— TASK STATEMENT —
Only what runs from the line with "三维工匠日式保温饭盒不锈钢分" to the end of the data should appear in the answer, exactly as written and without pictures.
WORKING DATA below:
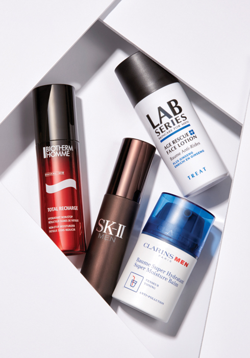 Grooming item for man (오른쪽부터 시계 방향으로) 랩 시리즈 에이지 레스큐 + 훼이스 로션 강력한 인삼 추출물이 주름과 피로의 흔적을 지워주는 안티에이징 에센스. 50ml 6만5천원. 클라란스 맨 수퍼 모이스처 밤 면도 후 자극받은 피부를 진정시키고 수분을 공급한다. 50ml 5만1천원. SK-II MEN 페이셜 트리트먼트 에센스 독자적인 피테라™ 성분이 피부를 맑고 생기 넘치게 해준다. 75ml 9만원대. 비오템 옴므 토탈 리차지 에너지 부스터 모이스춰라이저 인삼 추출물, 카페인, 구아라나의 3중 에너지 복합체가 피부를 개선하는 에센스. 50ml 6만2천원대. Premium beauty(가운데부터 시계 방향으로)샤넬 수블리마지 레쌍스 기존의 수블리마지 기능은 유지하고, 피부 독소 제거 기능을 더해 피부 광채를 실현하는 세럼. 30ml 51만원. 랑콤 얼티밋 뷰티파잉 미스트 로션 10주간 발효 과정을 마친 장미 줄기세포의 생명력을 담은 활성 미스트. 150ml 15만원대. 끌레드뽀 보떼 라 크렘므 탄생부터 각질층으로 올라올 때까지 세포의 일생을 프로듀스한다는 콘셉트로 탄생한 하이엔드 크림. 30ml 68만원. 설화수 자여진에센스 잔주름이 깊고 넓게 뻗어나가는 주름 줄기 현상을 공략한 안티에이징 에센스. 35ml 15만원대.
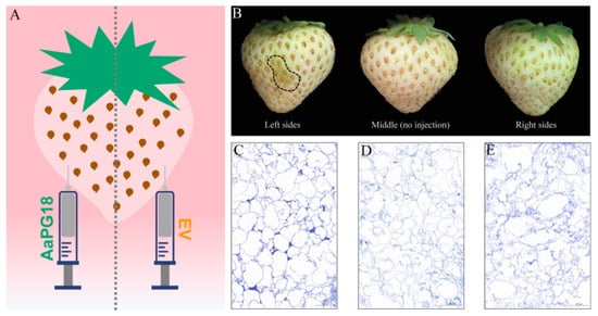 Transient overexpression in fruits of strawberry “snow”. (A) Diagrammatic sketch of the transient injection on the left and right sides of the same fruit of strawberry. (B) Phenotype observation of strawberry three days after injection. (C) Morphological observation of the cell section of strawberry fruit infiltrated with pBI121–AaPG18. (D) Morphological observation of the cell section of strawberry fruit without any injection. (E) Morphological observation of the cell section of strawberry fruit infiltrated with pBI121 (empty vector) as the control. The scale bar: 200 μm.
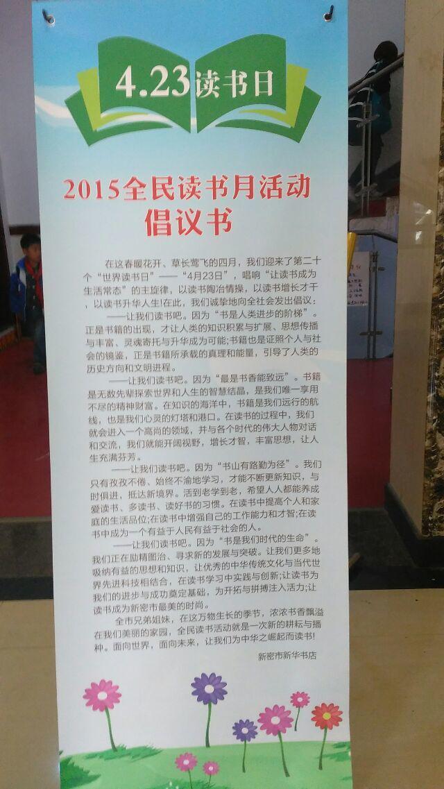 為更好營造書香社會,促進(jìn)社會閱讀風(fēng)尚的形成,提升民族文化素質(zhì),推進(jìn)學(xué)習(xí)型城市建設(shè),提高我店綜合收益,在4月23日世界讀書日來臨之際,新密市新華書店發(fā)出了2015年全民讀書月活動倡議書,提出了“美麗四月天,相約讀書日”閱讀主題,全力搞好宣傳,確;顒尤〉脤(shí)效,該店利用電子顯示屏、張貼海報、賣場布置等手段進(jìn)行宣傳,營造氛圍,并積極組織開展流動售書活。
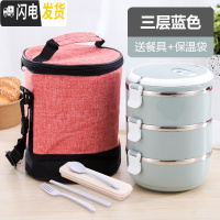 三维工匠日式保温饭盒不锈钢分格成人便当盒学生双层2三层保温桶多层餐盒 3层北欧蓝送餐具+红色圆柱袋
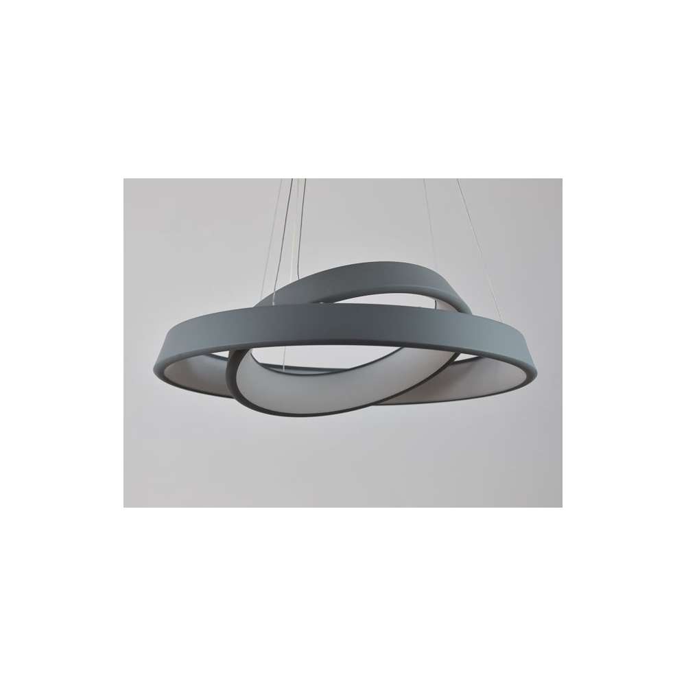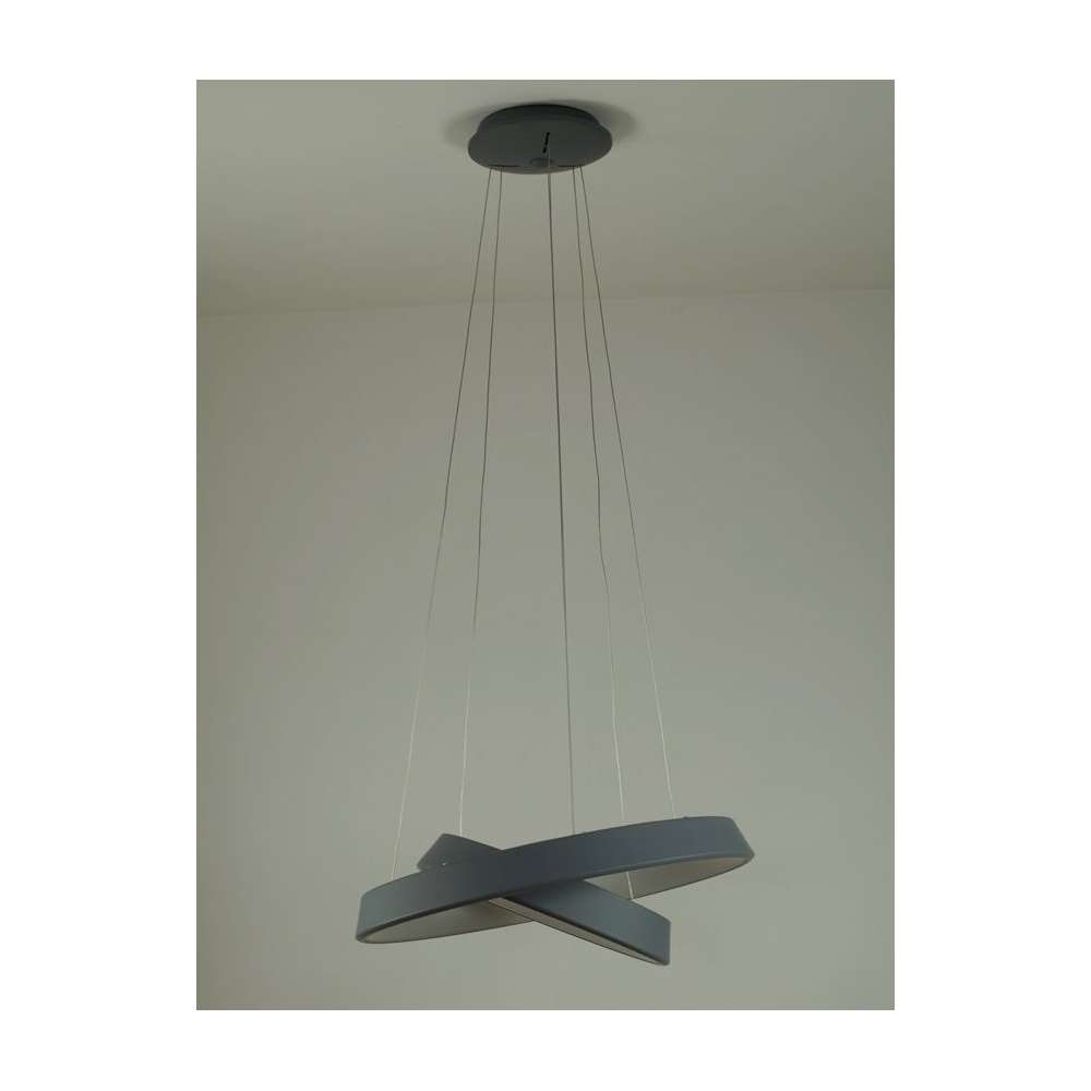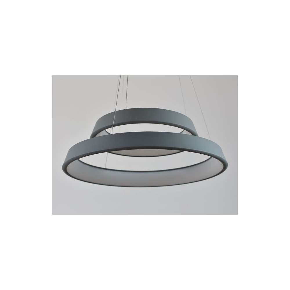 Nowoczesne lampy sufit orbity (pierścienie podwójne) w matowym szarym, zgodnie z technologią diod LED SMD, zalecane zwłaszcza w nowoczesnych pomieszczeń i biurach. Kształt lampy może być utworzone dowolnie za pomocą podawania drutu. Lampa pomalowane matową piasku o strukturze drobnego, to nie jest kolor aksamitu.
End of WORKING DATA.
— YOUR RESPONSE —
 三维工匠日式保温饭盒不锈钢分格成人便当盒学生双层2三层保温桶多层餐盒 3层北欧蓝送餐具+红色圆柱袋
 Nowoczesne lampy sufit orbity (pierścienie podwójne) w matowym szarym, zgodnie z technologią diod LED SMD, zalecane zwłaszcza w nowoczesnych pomieszczeń i biurach. Kształt lampy może być utworzone dowolnie za pomocą podawania drutu. Lampa pomalowane matową piasku o strukturze drobnego, to nie jest kolor aksamitu.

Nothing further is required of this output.